> [Your goal]: Make an exact copy of the whole listing, but leave its pictures out.

Dataset excerpt Block Start

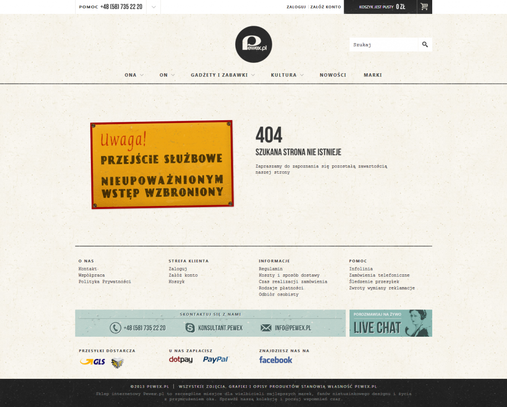 Strona błędu 404 sklepu (więcej przykładów):
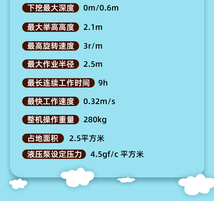 液压泵设定压力 | 4.5gf/c 平方米 | ||
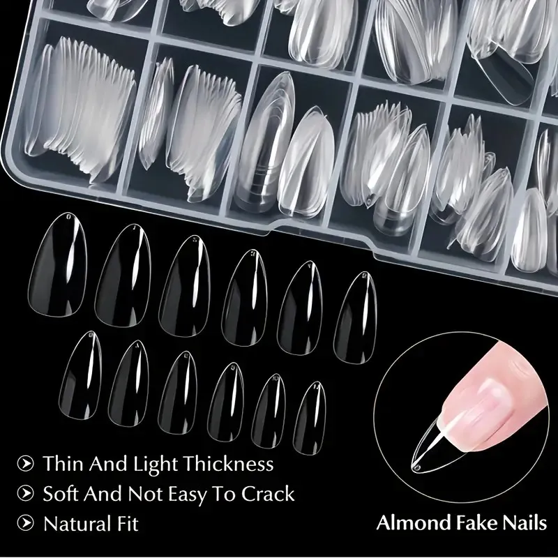 100pcs Almond Shape Transparent / White Color Artificial Nails Nails kit Acrylic Nails Transparent Artificial nail.

Dataset excerpt Block End

> [Solution below]:
 Strona błędu 404 sklepu (więcej przykładów):
 液压泵设定压力 | 4.5gf/c 平方米 | ||
 100pcs Almond Shape Transparent / White Color Artificial Nails Nails kit Acrylic Nails Transparent Artificial nail.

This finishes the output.